← Back to context

Comment by mkaic

1 year ago

> there would be a massive amount of redundant information stored in hidden activations

Is there a way to prove this? One potential caveat that comes to mind for me is that perhaps the action of lerping between the old state and the new could be used by the model to perform semantically meaningful transformations on the old state. I guess in my mind it just doesn't seem obvious that the hidden state is necessarily a collection of "redundant information" — perhaps the information is culled/distilled the further along in the sequence you go? There will always be some redundancy, sure, but I don't think that such redundancy necessarily means we have to use superlinear methods like attention.

All information about the past which will be available for predicting future tokens must be stored in the present state. So, if some bits of info about some past tokens at times less than t_p will be used for predicting some future token at time t_f, those bits must be passed through all states at times from t_p to t_f. The bits are passed through the recurrence.

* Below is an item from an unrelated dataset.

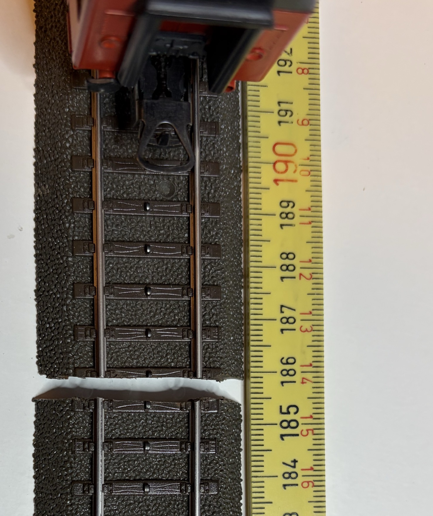Og lokomotivet kører uden problemer. Også over på næste skinnestykke med 1 mm gab imellem.

Once information about past tokens is lost from the hidden state it is gone forever, so it must be stored and carried across many steps up until it finally becomes useful.

The information cost of making the RNN state way bigger is high when done naively, but maybe someone can figure out a clever way to avoid storing full hidden states in memory during training or big improvements in hardware could make memory use less of a bottleneck.

  • > The information cost of making the RNN state way bigger is high when done naively, but maybe someone can figure out a clever way to avoid storing full hidden states in memory during training or big improvements in hardware could make memory use less of a bottleneck.

    Isn't this essentially what Mamba [1] does via its 'Hardware-aware Algorithm'?

    [1] https://arxiv.org/pdf/2312.00752